Of course, not every romance novelist – or any novelist, for that matter – can expect overnight success. What André, Freethy, Milan and so many other successful freelance writers shared when they started self-publishing is a built-in fan base from when they were in print.

“It’s unrealistic for a new author to expect overwhelming success, regardless of how it’s published,” Fox says. “Most new authors are new authors. It’s going to take a few tries to find what works for them.

Risk and Reward

To say that it takes more work to self-publish is to say it lightly.
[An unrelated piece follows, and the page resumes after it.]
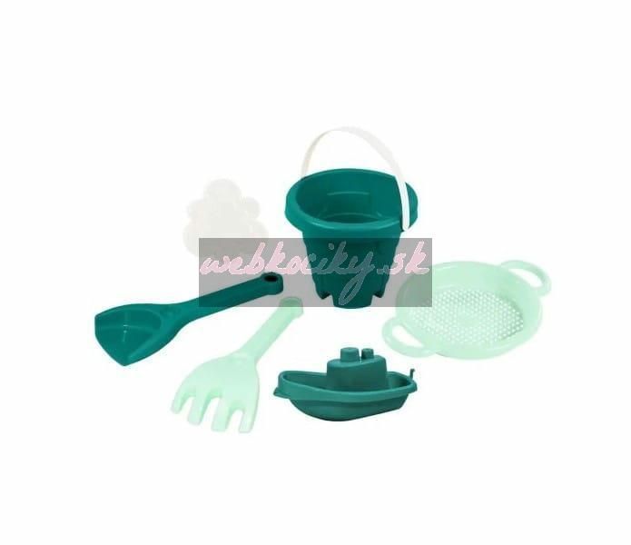 Sada do piesku je hračka určená na hru na pieskovisku alebo na pláži. Sada obsahuje vedierko vo výške 13 cm, hrable, lopatku, sitko a 2 formičky. Sada je vyrobená z kvalitného, zdravotne nezávadného plastu.

At their core, the successful freelance writers we spoke with are more like savvy CEOs with mini-companies to run than carefree writers telling love stories.

“Instead of getting money to sit and write, you invest money,” Fox says. “Yes, there’s more to be gained if the book is successful, but there’s also more risk, and that’s what being a self-publisher means.”

There are five major self-publishing platforms, including Amazon, Google (GOOG), Barnes & Noble (BKS), and Kobo. It takes time and effort to format a book for each company’s unique platform. And professional writers often need the same editing time as with a traditional editor. Between cover artists, publishers and proofreaders, it can cost between $700 and $4,000 upfront to publish an ebook, depending on how difficult you are, Milan says. It can cost even more when trying to translate your books for foreign markets and produce audiobooks.

Andre employs over a dozen contract workers in countries around the world. They help him edit, authorize his work in foreign countries, translate and monitor his sales. She handles the marketing herself and designs all of her own covers.

“I have a background in economics and I’ve always had an entrepreneurial spirit,” says André. “It’s the perfect place for me, someone who understands how to run a business, who really loves building a brand and marketing, but also has deep creativity.”

Last year, Milan hired a full-time project manager to help with everything from quality control of audiobooks to managing its sales figures and schedule. When a new book is ready, she assembles a team to work on the cover design and do several rounds of proofreading and editing.

When she needed help navigating the business, she turned to other novel writers for help.

“The true story of self-publishing [in romance] there is not a single individual who is doing well,” she says. “It’s several people working together to find the best way to publish digital books.”